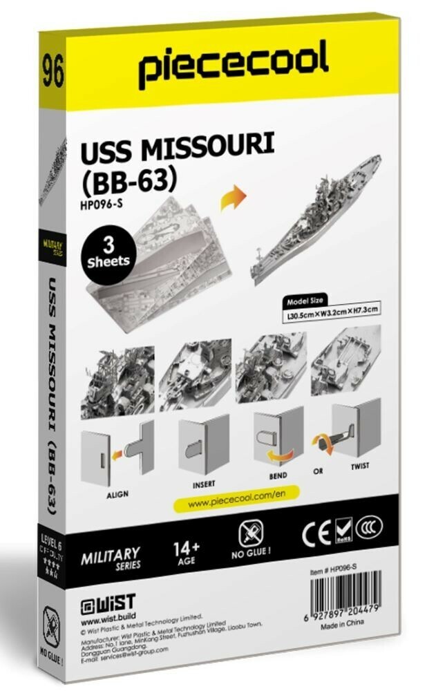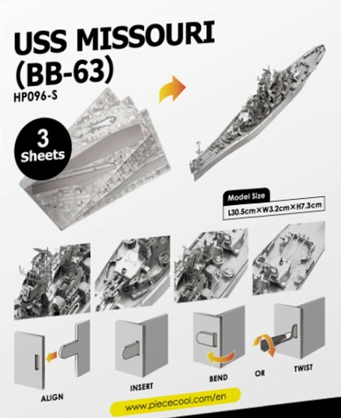 USS Missouri BB-63 3D Metal Model Puzzle/Kit by Piececool
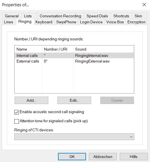 Depending on the number of the caller, SwyxIt! Classic can select different ringing sounds. Alternatively you can also enter your extension here. In this case it will ring differently depending on the extension called.
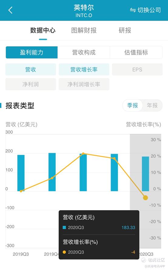 - 2020年第三季度营收为183亿美元,高于此前的七月预期,但同比降4%,以数据为中心的业务营收大幅下滑10%,虽以PC为中心的业务营收优于预期,同比小幅上扬1%。
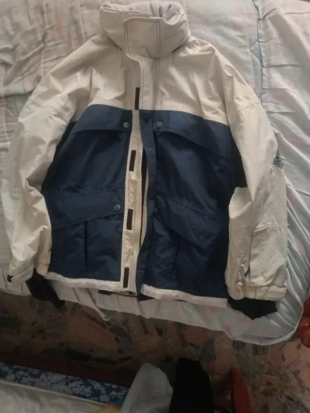 Detalles del productoChaqueta de invierno con diseño bicolor en blanco y azul marino. Ideal para protegerse del frío y la nieve.
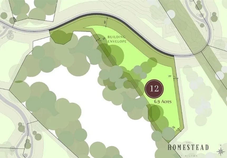 Grand 6.88 tree lined incredible estate site in the Prestigious Homestead at Milton Custom Home Community! Set in the private back section of this incredible 30 custom home estate collective, this rare estate site offers endless possibilities for your new Luxury Custom Home! Set on a former pristine golf course with maintained tree lined views and expansive building areas this site has it all. Bring your plans and builder or work with one of our many award winning teams already approved and building estate homes in the community. Build requirements within one year and within architectural guidelines for the community. Price is for lot only and required build is separate with homes currently ranging $4-$20+M. Now is the time to own your own grand estate within this special gated community. Only 6 opportunities remain! Call for availability, details and appointment.
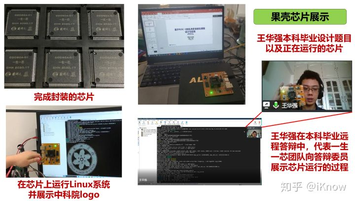 王华强同学代表「一生一芯」团队展示了 COOSCA 芯片的功能。他进一步又将这个核改进为乱序多发射,在 FPGA 上进行了测试验证,结果显示比 COOSCA 核的 IPC 提升了一倍。他的毕业设计也获得了国科大校级优秀毕业设计。
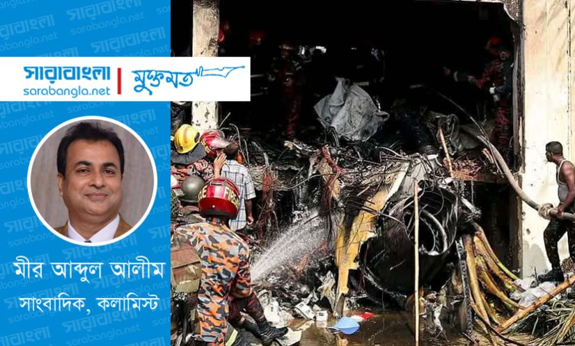বিমান না, যেন মৃত্যুর আগুন!- সাধারণত যুদ্ধবিমান যখন আকাশে উড়ে, তখন জাতির বুক গর্বে ভরে ওঠে। শিশুদের চোখে দেখা যায় বিস্ময়, বড়দের মুখে উঠে আসে দেশপ্রেমের গর্বিত হাসি। কিন্তু ২২ জুলাইয়ের সেই বিকেলে, মিরপুরের আকাশে যে শব্দ শোনা গেল, তা ছিল গর্ব নয়, ছিল এক বিভীষিকাময় মৃত্যু-নৃত্যের শুরু। চীনা তৈরি ঋ-৭ ইএও যুদ্ধবিমানটি হঠাৎ নিয়ন্ত্রণ হারিয়ে নিচের দিকে ধেয়ে এলো। কোনো যুদ্ধে নয়, কোনো যুদ্ধাভিযানেও নয়-এটি এসেছিল মাইলস্টোন স্কুলের ছাত্রছাত্রীদের ওপর এক অদৃশ্য শত্রুর মতো। শিশুরা তখন ক্লাসে, কেউ বইয়ের পাতায় মনোযোগ দিচ্ছিল, কেউ মাঠে খেলছিল, কেউ জানালার ধারে দাঁড়িয়ে গুনছিল আকাশে ভেসে যাওয়া মেঘ। এক সেকেন্ডের ব্যবধানে সবকিছু থেমে গেল। শুধু আগুনের হলকা, কান ফাটানো বিস্ফোরণ আর অসহায় চিৎকার। এটি নিছক দুর্ঘটনা ছিল না-এটি ছিল দীর্ঘদিনের অব্যবস্থাপনা, নিরাপত্তা নিয়ে রাষ্ট্রীয় উদাসীনতা এবং প্রশ্নহীন ক্ষমতার ফলাফল। আকাশে ওড়ার আগে যুদ্ধবিমানের রুট, সম্ভাব্য রিস্ক এলাকা, ইমার্জেন্সি প্রটোকল-এসব কি আমাদের দেশে কখনো গোনার মধ্যে পড়ে? আমাদের শিশুরা কোনো সামরিক শত্রু নয়, তবু তারা মারা গেল রাষ্ট্রীয় অবহেলার কারণে। এই মৃত্যু আকাশ থেকে আসেনি, এটি এসেছিল রাষ্ট্রযন্ত্রের নিচু নৈতিকতা থেকে।

- **Exercise description**
In full and without changes, repeat the listing above, but not its pictures.

- **Problem solution**
 USS Missouri BB-63 3D Metal Model Puzzle/Kit by Piececool
 Depending on the number of the caller, SwyxIt! Classic can select different ringing sounds. Alternatively you can also enter your extension here. In this case it will ring differently depending on the extension called.
 - 2020年第三季度营收为183亿美元,高于此前的七月预期,但同比降4%,以数据为中心的业务营收大幅下滑10%,虽以PC为中心的业务营收优于预期,同比小幅上扬1%。
 Detalles del productoChaqueta de invierno con diseño bicolor en blanco y azul marino. Ideal para protegerse del frío y la nieve.
 Grand 6.88 tree lined incredible estate site in the Prestigious Homestead at Milton Custom Home Community! Set in the private back section of this incredible 30 custom home estate collective, this rare estate site offers endless possibilities for your new Luxury Custom Home! Set on a former pristine golf course with maintained tree lined views and expansive building areas this site has it all. Bring your plans and builder or work with one of our many award winning teams already approved and building estate homes in the community. Build requirements within one year and within architectural guidelines for the community. Price is for lot only and required build is separate with homes currently ranging $4-$20+M. Now is the time to own your own grand estate within this special gated community. Only 6 opportunities remain! Call for availability, details and appointment.
 王华强同学代表「一生一芯」团队展示了 COOSCA 芯片的功能。他进一步又将这个核改进为乱序多发射,在 FPGA 上进行了测试验证,结果显示比 COOSCA 核的 IPC 提升了一倍。他的毕业设计也获得了国科大校级优秀毕业设计。
বিমান না, যেন মৃত্যুর আগুন!- সাধারণত যুদ্ধবিমান যখন আকাশে উড়ে, তখন জাতির বুক গর্বে ভরে ওঠে। শিশুদের চোখে দেখা যায় বিস্ময়, বড়দের মুখে উঠে আসে দেশপ্রেমের গর্বিত হাসি। কিন্তু ২২ জুলাইয়ের সেই বিকেলে, মিরপুরের আকাশে যে শব্দ শোনা গেল, তা ছিল গর্ব নয়, ছিল এক বিভীষিকাময় মৃত্যু-নৃত্যের শুরু। চীনা তৈরি ঋ-৭ ইএও যুদ্ধবিমানটি হঠাৎ নিয়ন্ত্রণ হারিয়ে নিচের দিকে ধেয়ে এলো। কোনো যুদ্ধে নয়, কোনো যুদ্ধাভিযানেও নয়-এটি এসেছিল মাইলস্টোন স্কুলের ছাত্রছাত্রীদের ওপর এক অদৃশ্য শত্রুর মতো। শিশুরা তখন ক্লাসে, কেউ বইয়ের পাতায় মনোযোগ দিচ্ছিল, কেউ মাঠে খেলছিল, কেউ জানালার ধারে দাঁড়িয়ে গুনছিল আকাশে ভেসে যাওয়া মেঘ। এক সেকেন্ডের ব্যবধানে সবকিছু থেমে গেল। শুধু আগুনের হলকা, কান ফাটানো বিস্ফোরণ আর অসহায় চিৎকার। এটি নিছক দুর্ঘটনা ছিল না-এটি ছিল দীর্ঘদিনের অব্যবস্থাপনা, নিরাপত্তা নিয়ে রাষ্ট্রীয় উদাসীনতা এবং প্রশ্নহীন ক্ষমতার ফলাফল। আকাশে ওড়ার আগে যুদ্ধবিমানের রুট, সম্ভাব্য রিস্ক এলাকা, ইমার্জেন্সি প্রটোকল-এসব কি আমাদের দেশে কখনো গোনার মধ্যে পড়ে? আমাদের শিশুরা কোনো সামরিক শত্রু নয়, তবু তারা মারা গেল রাষ্ট্রীয় অবহেলার কারণে। এই মৃত্যু আকাশ থেকে আসেনি, এটি এসেছিল রাষ্ট্রযন্ত্রের নিচু নৈতিকতা থেকে।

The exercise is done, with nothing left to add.